During a recent knit-in outside the office of the State Member for Clarence, Chris Gulaptis, the Grafton Nannas delivered a letter to the MP about their concerns about the NSW Government's changes to the status of the Office of Environment and Heritage (OEH) following the recent state election.
The text of the letter is printed below:
Dissolving of Office of Environment and Heritage
The Grafton Nannas are very concerned about your
Government’s recently announced intention of doing away with the Office of
Environment and Heritage as an independent entity.
We have long been worried about the Government’s
lack of concern about protecting the natural environment for current and future
generations of humans as well as for other life forms.
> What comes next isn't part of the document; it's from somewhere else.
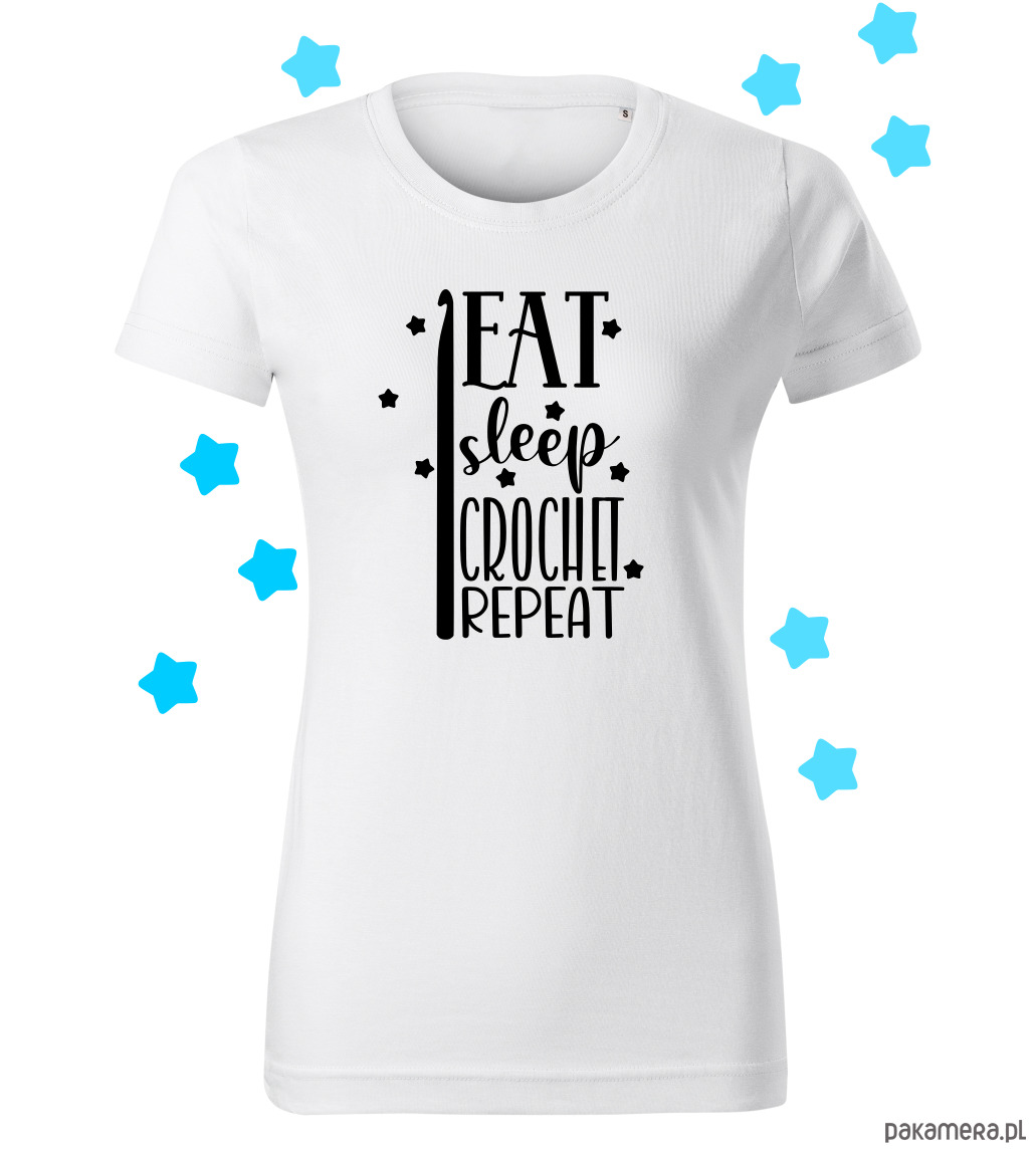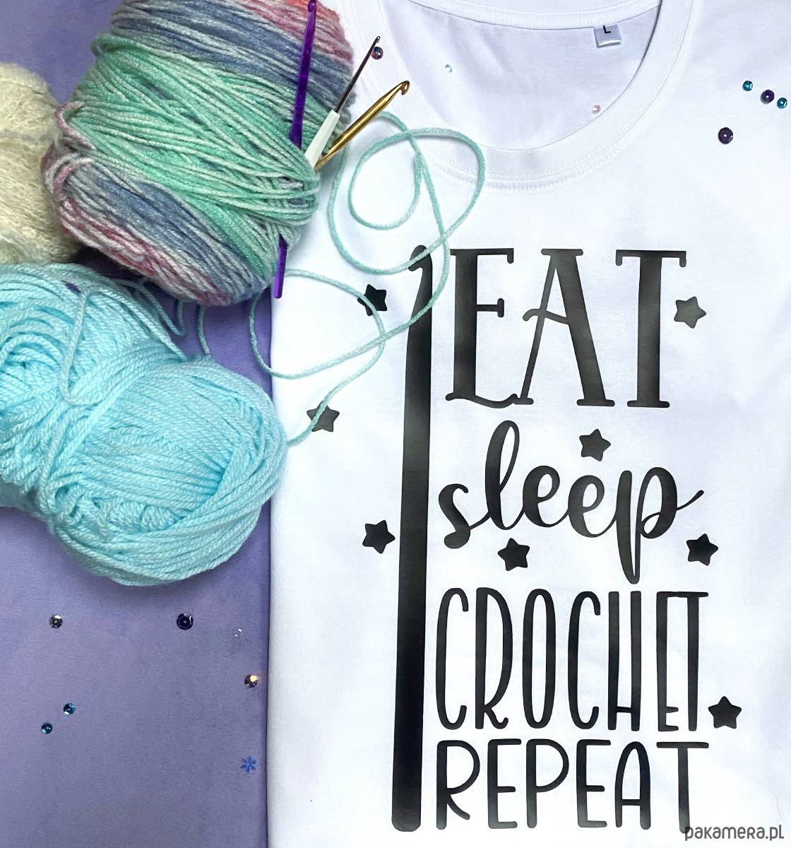 Wyraź swoją pasję z naszą koszulką „Eat. Sleep. Crochet. Repeat.”!
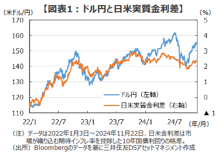 ■というのも、ここ数年のドル円は、おおむね日米の長期実質金利差(期待インフレ率を控除した10年国債利回りの差)に連動して推移してきましたが、足元のドル円の水準は、こうした金利差の推移から大きく乖離して、円安が行き過ぎているように見えるからです(図表1)。

Government policies over recent years have been
seen by many in our community and elsewhere as being a de facto war on the
natural environment.
For example:
·
Changes to vegetation laws which have led to a large increase in
clearing of habitat which is important to the survival of native flora and
fauna. This weakening of the former laws
is also likely to lead to increased topsoil loss and general land degradation.
·
Changes to logging regulations which threaten the sustainability of
native forests which belong to the people of NSW – and not to logging
interests. These changes include
limiting pre-logging fauna surveys, an inevitable increase in clear-felling,
and reduction in the width of buffer
zones along streams.
·
Failure to protect the health of rivers, particularly those in the
Murray-Darling Basin. For years the NSW
Government, as well as the Federal Government, has been pandering to the
irrigation industry while ignoring the need to protect river health by ensuring
that flows are adequate for river health.
The drought is not an excuse for this folly.
·
Other
examples include the cutting of funding to the National Parks & Wildlife
Service and penny-pinching changes to its structure as well as the failure to
ensure that the existing weak environment laws are enforced and appropriate
penalties imposed on those who breach them.
We are aware
that the Premier recently stated that her Government would make the environment
a priority.
Since hearing that OEH was to lose any of the limited independence it
currently has and is to be pushed into a mega-Planning Department, we are left
wondering about what the premier actually meant about “priority”. Did she mean that she intended to make it a
priority to finish off effective protection of the natural environment –
something started years ago under the Coalition State Government? It looks very much like that to the Nannas.